6 maggio (Reuters) – I funzionari dell’energia della California venerdì hanno emesso una previsione sobria per la rete elettrica dello stato, dicendo che manca la capacità sufficiente per mantenere le luci accese questa estate e oltre se ondate di calore, incendi o altri eventi estremi prendono il loro pedaggio.

L’aggiornamento da parte dei leader di tre agenzie statali e l’ufficio del governatore Gavin Newsom viene in risposta a una serie di sfide con l’ambiziosa transizione dai combustibili fossili, compresi i blackout durante un’ondata di calore estivo nel 2020.

La California ha tra le politiche di cambiamento climatico più aggressive del mondo, compreso l’obiettivo di produrre tutta la sua elettricità da fonti senza carbonio entro il 2045.

In un briefing online con i giornalisti, i funzionari hanno previsto un deficit potenziale di 1.700 megawatt quest’anno, un numero che potrebbe arrivare fino a 5.000 MW se la rete è tassata da più sfide che riducono l’energia disponibile mentre mandano la domanda alle stelle, hanno detto i funzionari statali durante un briefing online con i giornalisti.

I vuoti di approvvigionamento lungo queste linee potrebbero lasciare tra 1 e 4 milioni di persone senza energia. Le interruzioni avverranno solo in condizioni estreme, hanno ammonito i funzionari, e dipenderanno in parte dal successo delle misure di conservazione.

Nel 2025, lo stato avrà ancora un deficit di capacità di circa 1.800 MW, secondo i funzionari della California Energy Commission, Public Utilities Commission, California Independent System Operator e l’ufficio di Newsom. Hanno anche previsto aumenti annuali dei tassi di elettricità tra il 4% e il 9% da qui al 2025.

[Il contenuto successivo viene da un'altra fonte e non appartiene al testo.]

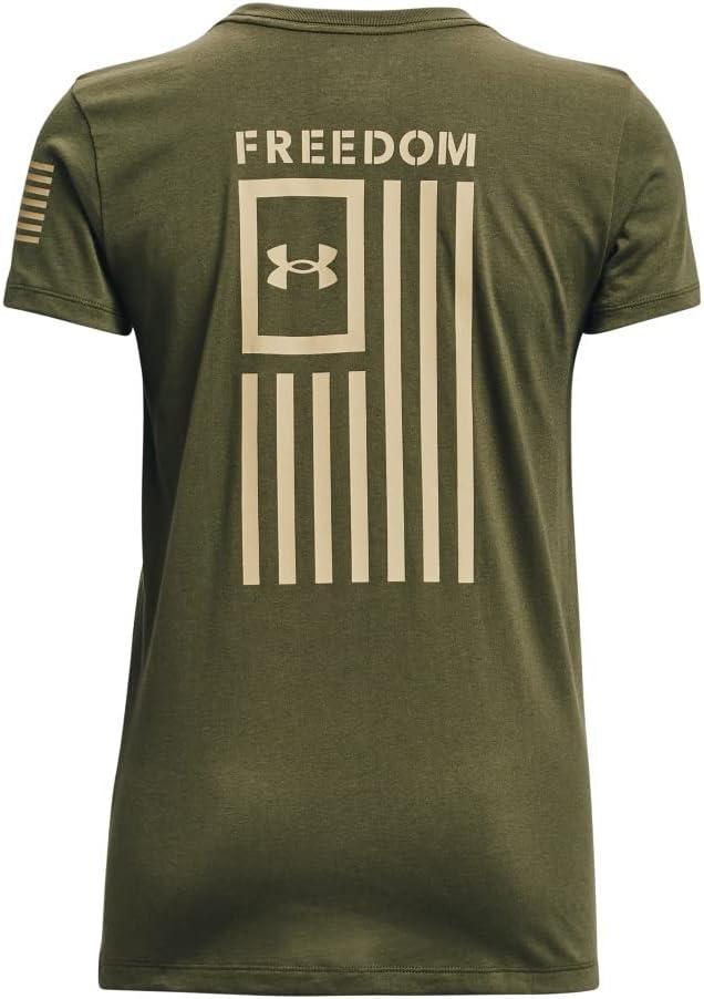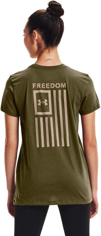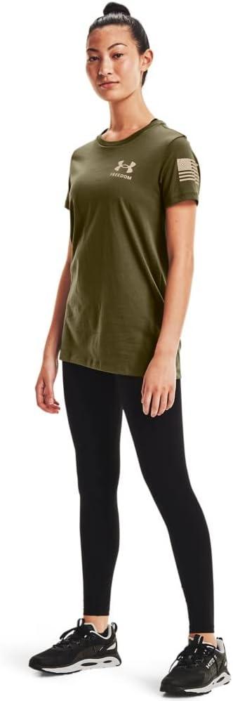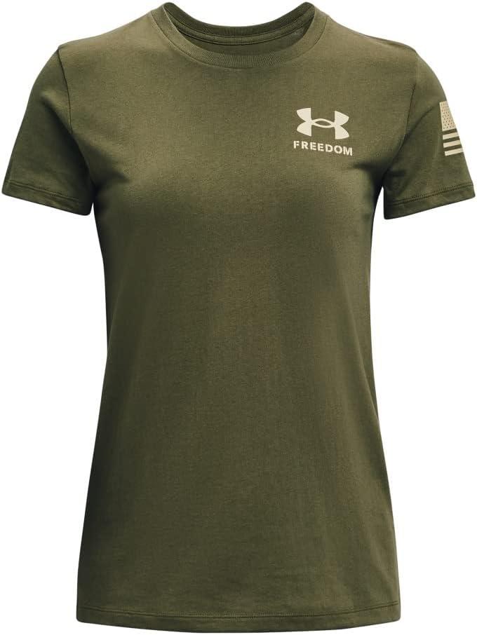 Under Armour Women's New Freedom Logo T-Shirt(Marine Od Green (390)/Desert Sand)

La pianificazione dell’elettricità in California è stata sfidata da devastanti incendi boschivi che hanno tagliato le linee di trasmissione e da eventi di calore estremo e siccità che hanno ostacolato le forniture di energia idroelettrica. I funzionari hanno detto che le previsioni tradizionali sulla domanda di elettricità non tengono conto di questi eventi estremi causati da un clima che cambia.

Allo stesso tempo, molti parchi solari e progetti di stoccaggio di energia che lo stato ha commissionato negli ultimi due anni sono stati ritardati a causa delle sfide della catena di approvvigionamento durante la pandemia e una recente indagine commerciale federale sulle importazioni solari.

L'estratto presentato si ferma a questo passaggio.